Yes. We use the same wiki. You ever heard of screwturn? Fast, powerful, we’ve actually recently really embraces it as a department and put as much as we can out there on the wiki. It’s where we keep all of our contact information for each other as well as our contact info for vendors, all our how to documents, we don’t have fancy naming schemes, if you look at it, you probably wouldn’t understand it unless you had access to the wiki.  It’s kinda like a VIN, each number has a purpose.  When you’re bringing on 5 servers a week, you gotta do something that makes sense.  We keep it straight, very cryptic. 

 

Dean

We use screwturn wiki, we have one for only IT, where only IT personnel have access to it. Josh is a developer so he took screwturn and figured out how to integrate it with AD so using our users and groups on AD, we locked down screwturn to only allow IT people into IT ones, then we have a corporate one that’s corporate wide but it doesn’t get much traffic.

You had asked about seeing how it works and how we’ve got it set up and categories. You really don’t have to categorize it, you just tag it, each article can be tagged, then you can go back and look for only IP related or whatever. 

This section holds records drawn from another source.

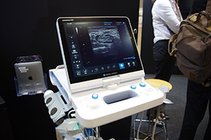 併設の展示会は,「Ultrasonic Week 2014国際展示会・企業展示会」として,パシフィコ横浜展示ホールA+Bで36社が出展して行われた。Point of Care(POC)に対応するコンパクトタイプから,エラストグラフィや造影超音波まで対応する最新のハイエンド装置まで各社の最新のラインナップがそろった。また,展示ホールには,ハンズオンセッション会場やポスター展示,オープンシアターが設けられたほか,福島県で甲状腺検査に使用されている超音波健診車も展示された。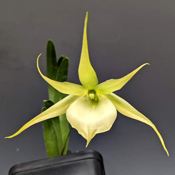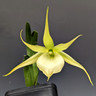 This novelty hybrid made in-house blooms with an excellent 4" wide flower with an emerald green to lime-yellow complexion. These plants stay relatively compact and are easy to grow. That being said, this can be a challenging orchid to flower. It seems to prefer cool to intermediate temperatures and bright light in order to bloom. For a majority of the year, this orchid is enjoyed as an ornamental plant, for is vigorous growth and upright growth habit.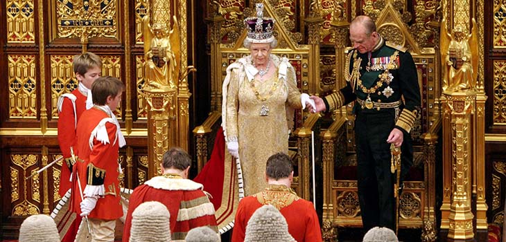 Pictured above: Queen Elizabeth II with Prince Philip at the State Opening of Parliament, November 2004. Pictured top: Queen Elizabeth II travelling to the State Opening of Parliament in a horse-drawn carriage, December 2008.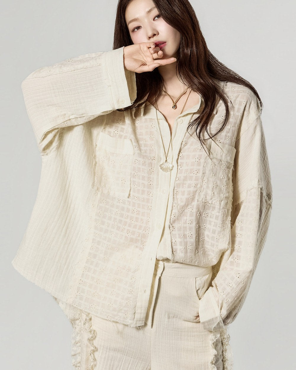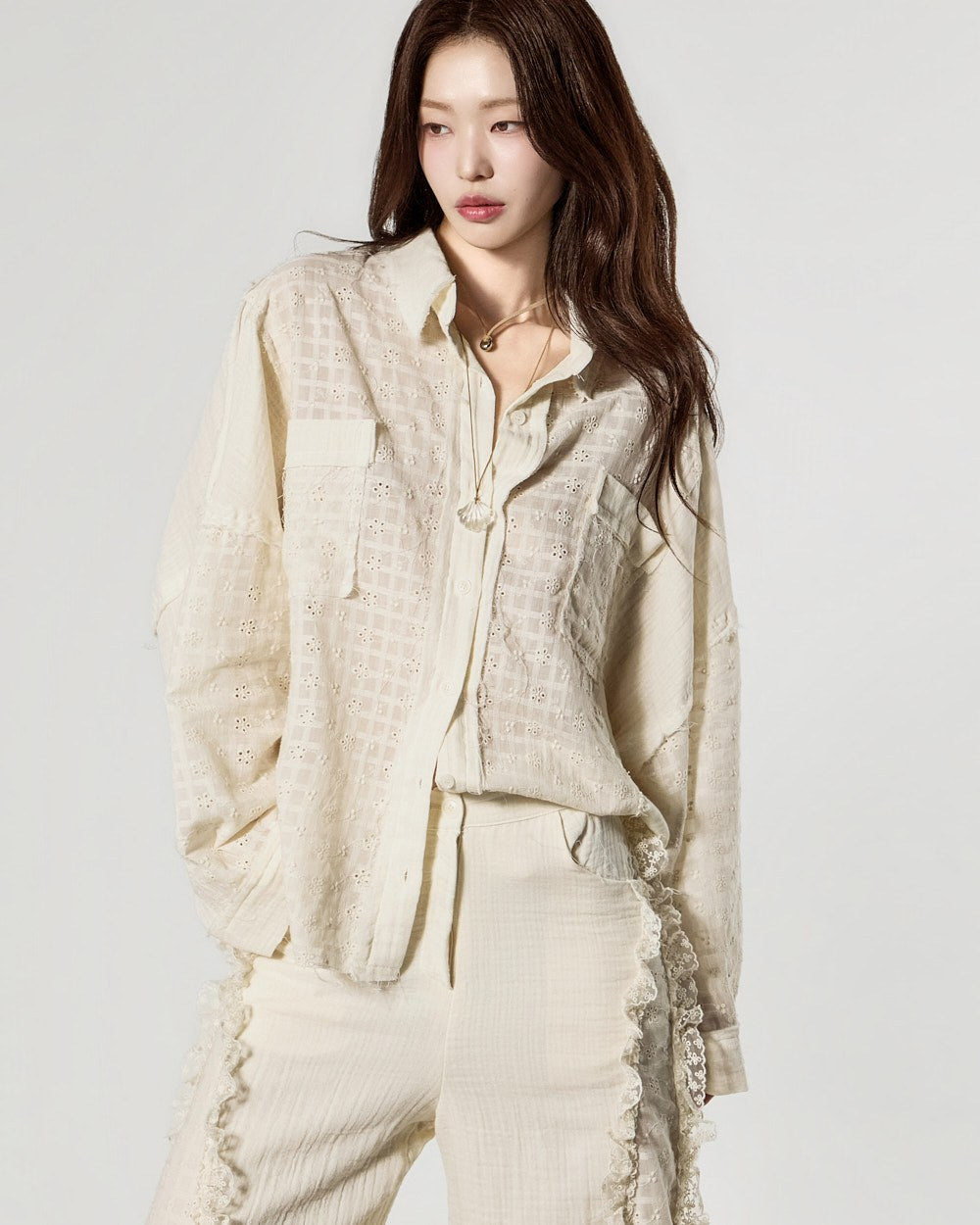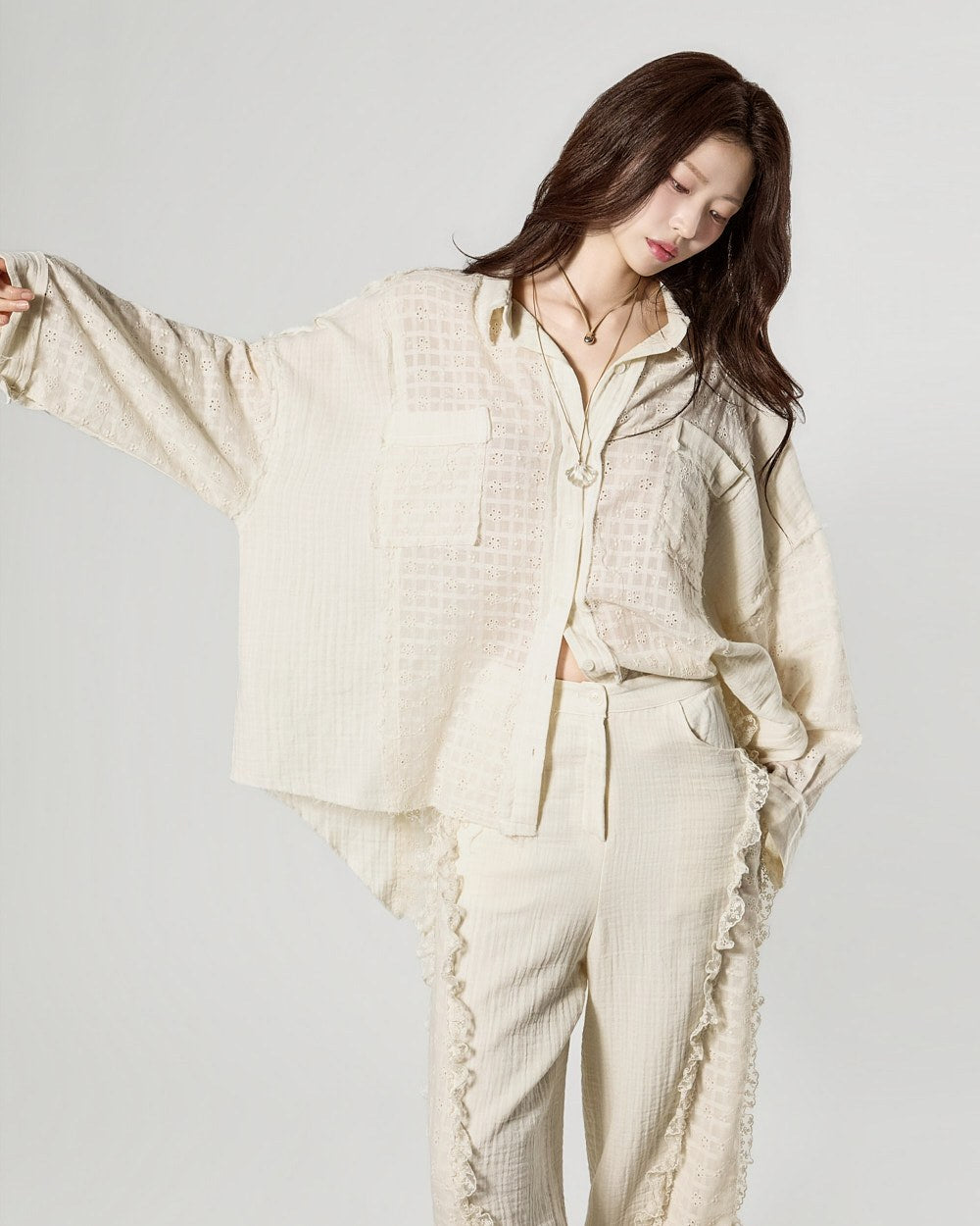 両サイドのフリルレースのディテールが可愛らしいアクセントになっています。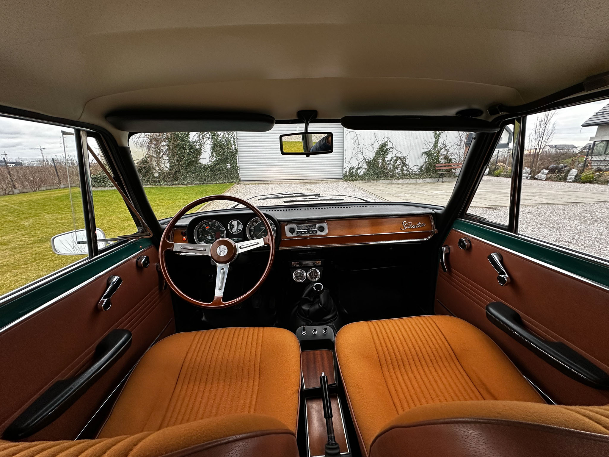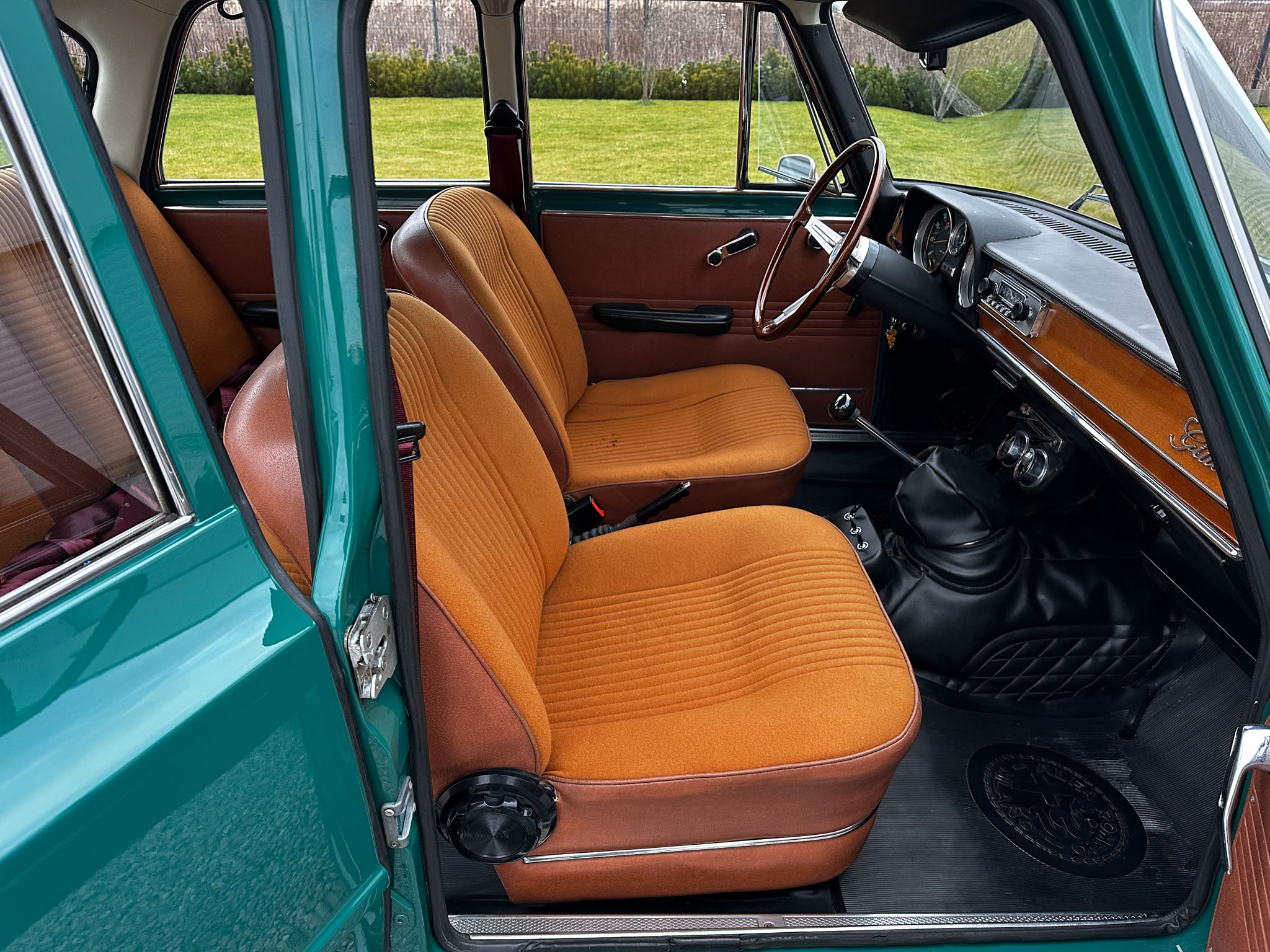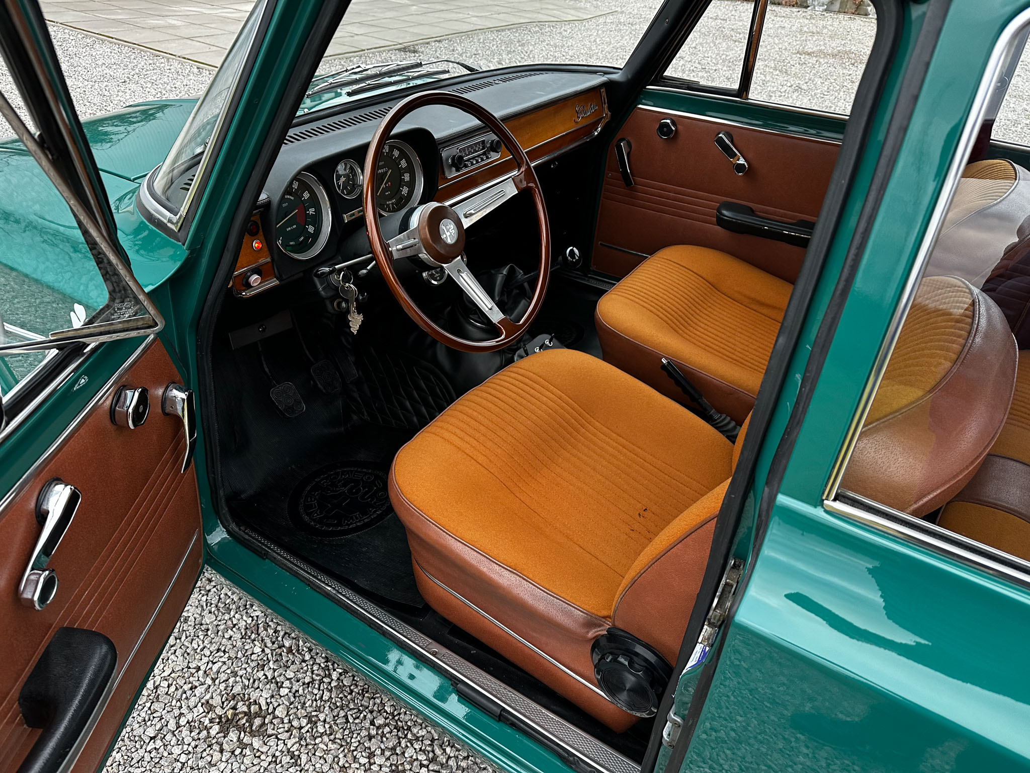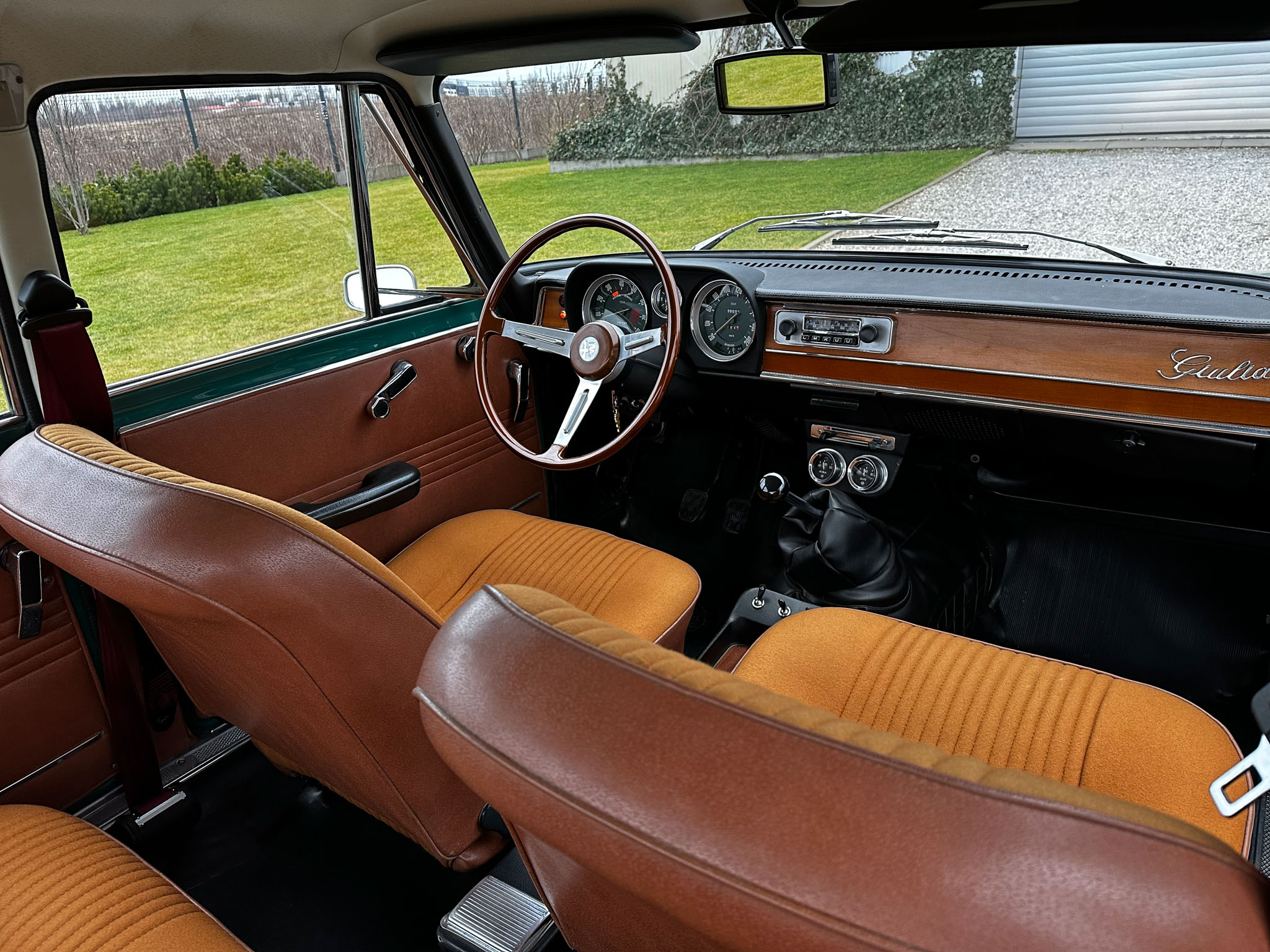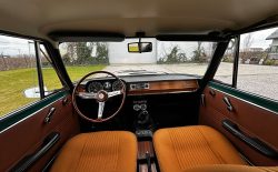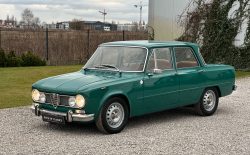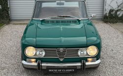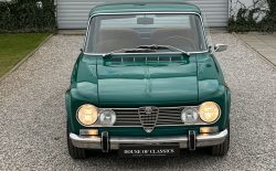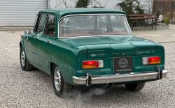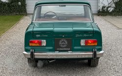 Alfa Romeo Giulia Super 1300 z 1973 roku. Auto posiada (najprawdopodobniej) minimalny przebieg 98.000 km i przeszło pełną odbudowę mechaniczną o wartości 15.000 CHF w Szwajcarii. Choć upłynęło od tamtej pory 11 lat to silnik nadal pracuje bardzo świeżo, skrzynia o 5 biegach zaskakuje swoją cichą pracą, a zawieszenie wyposażone w amortyzatory Bilstein B6 i sprężyny Eibacha pozwala na fantastyczne prowadzenie Julii. Auto przeszło także potwórne lakierowanie (nie wiem czy w Szwajcarii czy w Luksemburgu) na jej oczywiście oryginalny i bardzo poszukiwany kolor Verde Pino. Zostało to zrobione na bardzo wysokim poziomie. Wnętrze auta jest w 100% oryginalne i w fantastycznym stanie. To zdecydowanie najlepsza Giulia, w najlepszym możliwym stanie jaką widziałem. Przeszła detailing oraz pełen serwis. Jeździ cudownie.

I just pulled up one randomly from Josh.  The vm ware guest time runs too fast. The virtuals time runs fast, goes through an entire day in 15 minutes, so he found the answer to that, he threw it out on the wiki page, so we know where to go. It’s kinda of our knowledge base, how-to documents, I use it mostly to look up somebody’s home number when stuff doesn’t work.

At some point when we can share screens or whatever, [Time Stamp00:51:52] I’ll be glad to take you through some of that and let you see how that works.

 

Jason

That’d be cool. What kind of backup do you guys run?

 

James/Josh

We’re running Backup Exec.

 

Dean

We do a lot of disk to disk backups as well, we’ve had our share of issues, we were running ARCserve, when we outgrew the existing backup tape library system, we had to expand it and between all the phone calls to India and 28 other countries, we never could get good resolution. They were telling us to configure it in a way that didn’t make sense. After about 4 days of not getting good backups, this was 2 years ago, we finally had to make a decision to buy, Josh can explain it better.